Конан вдруг обнаружил, что Дазаут перешел на скороговорку. Он сидел неподвижно, как в трансе, смотрел в пустоту, и только губы быстро шевелились.

— Конан, приди к Бен-Саифу. Приди, не пожалеешь. Скоро все кончится, все возьмутся за ум. Никаких бестолковых скитаний. Дом, жена, дети. Захотел повидать свет — изволь заработать на дорогу. Ты не думал, Конан, почему кругом столько бродяг, разбойников, нищих? А ты, малыш? Да ну тебя, при чем тут подлая людская сущность? Все от неорганизованности, от беззакония. Посеешь пшеницу — вытопчут, построишь дом — сожгут, заведешь семью — отнимут и продадут в рабство. На каждого трудолюбивого сотня лодырей, на каждого богатого — тысяча завистливых. Бардак? Бардак. Позволь спросить: а можно ли тут что-нибудь изменить? Позволь ответить: еще как можно! И скоро ты в этом убедишься. Иди к нам, Конан! Опоздаешь — локти будешь кусать. Девчонка — тьфу, ерунда, девчонку и так отпустим, мы с бабами не воюем, да еще неизвестно, захочет ли уйти, есть у нас к ней одно предложеньице… О, гнилые зубы Митры! — Он прижал ладони к вискам. — Сыплюсь! Слишком большое расстояние, вот если бы с пяти шагов, тогда б на всю жизнь хватило, а так — четыре дня, и сыплюсь. Погрешность записи растет в зависимости от расстояния. Все, малыш, больше не буду мучить, стираюсь. Ты уж зла не держи и ничего с собой не делай, ладно? Все образуется. Будь здоров. А ты, Конан, сакруп-товигур… грхаррр…

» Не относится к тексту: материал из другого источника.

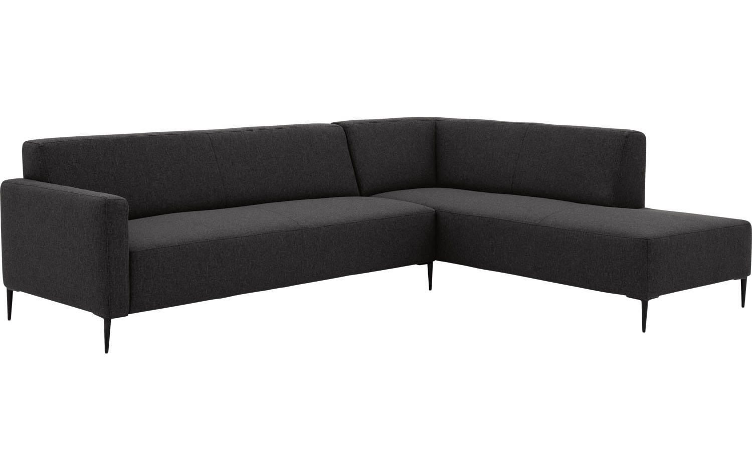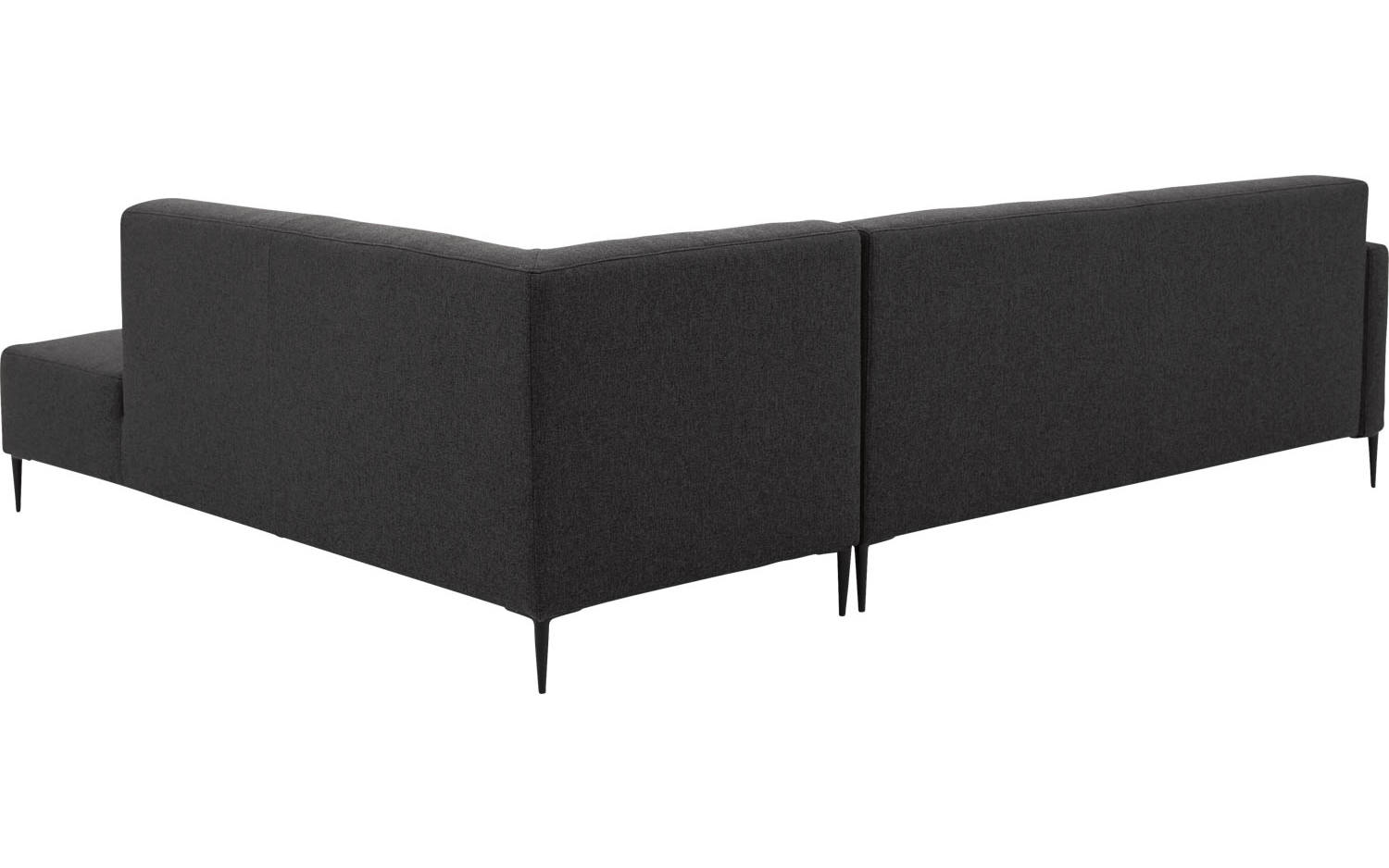 Met zijn strakke lijnen en fijn geweven grijze stoffering heeft Key West een moderne uitstraling die jarenlang mooi blijft. De metalen poten met zwarte poedercoating geven deze hoekbank een stoere en eigentijdse look. Door de hoge poten krijg je een ruimtelijk effect in je woonkamer én kun je de vloer eronder gemakkelijk schoonhouden.
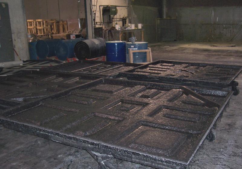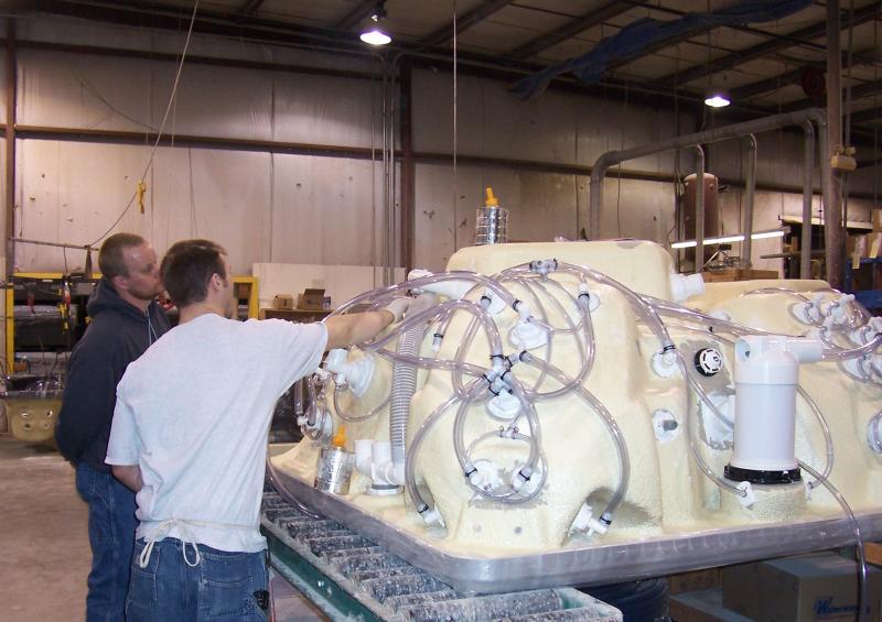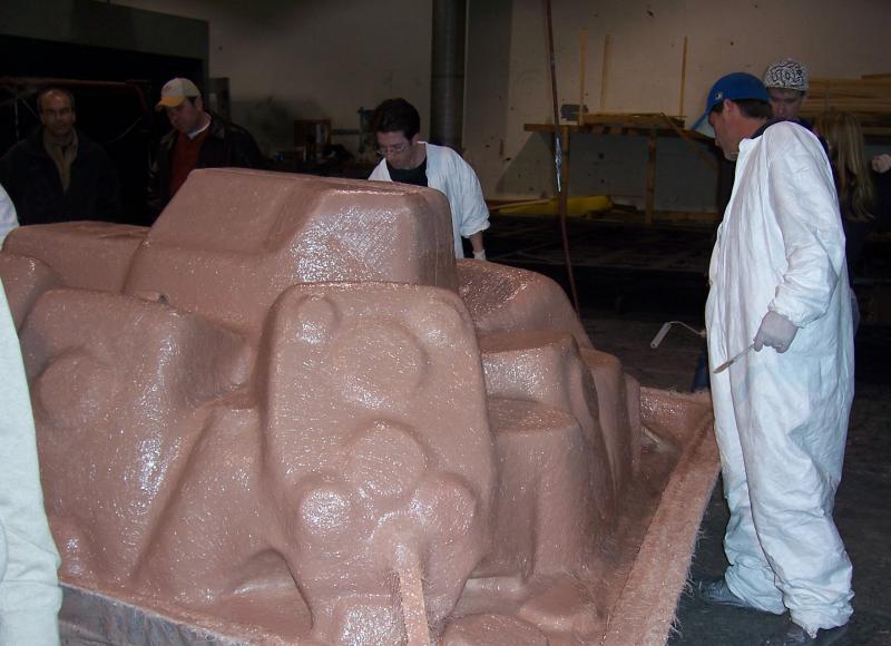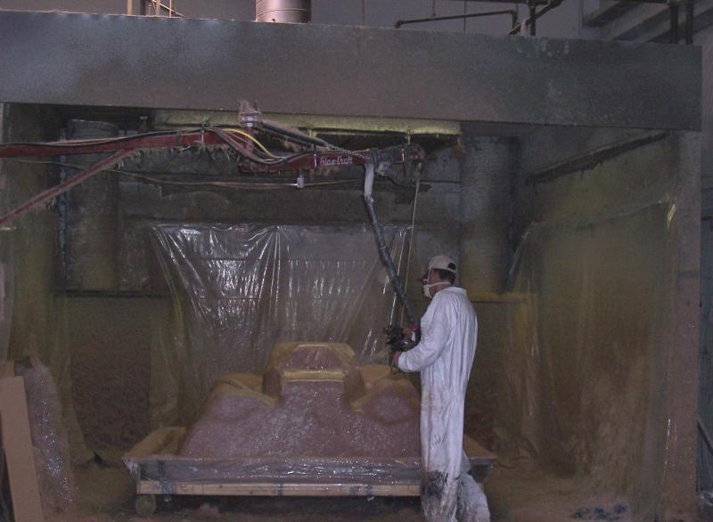 After being sprayed with fiberglass a team of professionals compresses the fiberglass with rollers. Pictured below.

С уст Дазаута срывались бессвязные звуки, затем его зрачки расширились от неописуемого ужаса, и по котловине разлетелся истошный визг. Конан настолько растерялся, что схватился за меч, когда в руке воеводы сверкнула сабля. Но защищаться киммерийцу не пришлось, Дазаут молниеносно повернул клинок острием к себе и всадил в живот, затем выдернул и нанес новый удар. Сталь застряла в груди, иначе бы он, наверное, через мгновенье убил себя. Трое когирцев навалились на орущего безумца, прижали к земле, а Конан и Сонго осмотрели раны и пришли к неутешительному выводу: сабля пронзила легкое и рассекла печень — Дазаут обрек себя на мучительную смерть. Клинок выдернули, к ранам прижали куски чистого холста, и вскоре несчастный потерял сознание, но еще долго его вопли звучали в ушах у потрясенных людей.

* * *

В летние дни благословенная Шетра утихала за полночь. Человек в черном плаще до пят учел это и проник во дворец после третьей стражи, когда Ибн-Мухур у себя во флигеле — «задней черепашьей ноге» — спал младенчестим сном. Протерев глаза и выслушав доклад встревоженного горногвардейца, ануннак проворчал: «О, Эшеркигаль! За что ты ко мне так немилостива?» и щелкнул пальцами, подзывая слугу с рясой. Прикрыв зеленой парчой солидный волосатый живот, он посмотрел на воина и угрюмо спросил:

— Ну?

— Виноват, господин?

— Высоко забрался этот паршивец?

— Когда меня послали к вам, он был во втором лабиринте четвертого яруса.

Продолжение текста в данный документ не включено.